– Ó filho, quantos anos tem a mãe?
– 89, Mami. 89!
– E eu pensava que já tinha 90!… 90 anos é muito
ano, não é?…
No pequeno guarda-roupa do quarto de lar, há
roupa pendurada, mas outra, muita, na parte de baixo, a monte, resultado da
busca matinal do casaco a condizer com a saia.
– Fui eu que fiz, filhote. Com trapinhos. Ia
juntando… As velhas aqui do lar não acreditam. «Feito de trapinhos!…» – troçam
elas. Mas é verdade! A mãe tinha muito jeito para estas coisas. E de trapinhos
fiz este casaco. Fica bem, não fica?… Ó filho, que idade tem a mãe?

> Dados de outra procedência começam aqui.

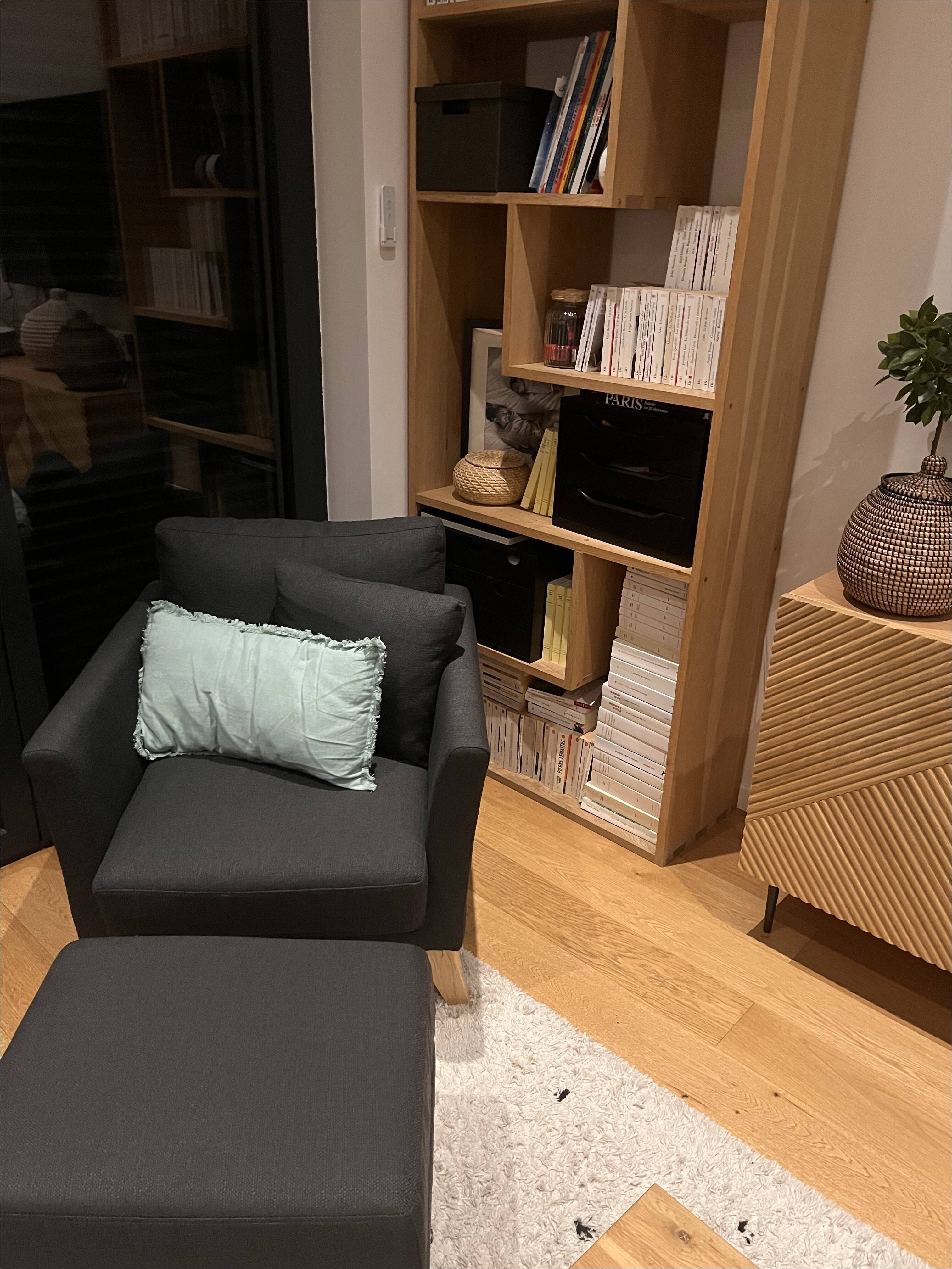 Pour s'aménager un espace fonctionnel dédié à la détente, placez une table d'appoint, un tapis duveteux et un luminaire design aux côtés du fauteuil OSLO.

– 89, Mami. Vais fazer 90 em Outubro.
– 90! É muita idade, não é? Graças a Deus, que
ainda me mexo bem! Elas estão sempre a dizer: «Lá está a velha a fazer
ginástica!». E eu faço, queres ver? Ainda vou lá abaixo com os braços!
…
Pára de repente, olha-me com uma lágrima
inesperada a bailar-lhe no azul lindo dos olhos:
– Esta semana, filho, aconteceu-me uma desgraça.
Aquele malandro chamou-me. E fez-me mal. Malvado!…
Bate com ambas as mãos, fechadas, na cabeça.
Abana-a:
– Com esta idade, filho! Que vergonha!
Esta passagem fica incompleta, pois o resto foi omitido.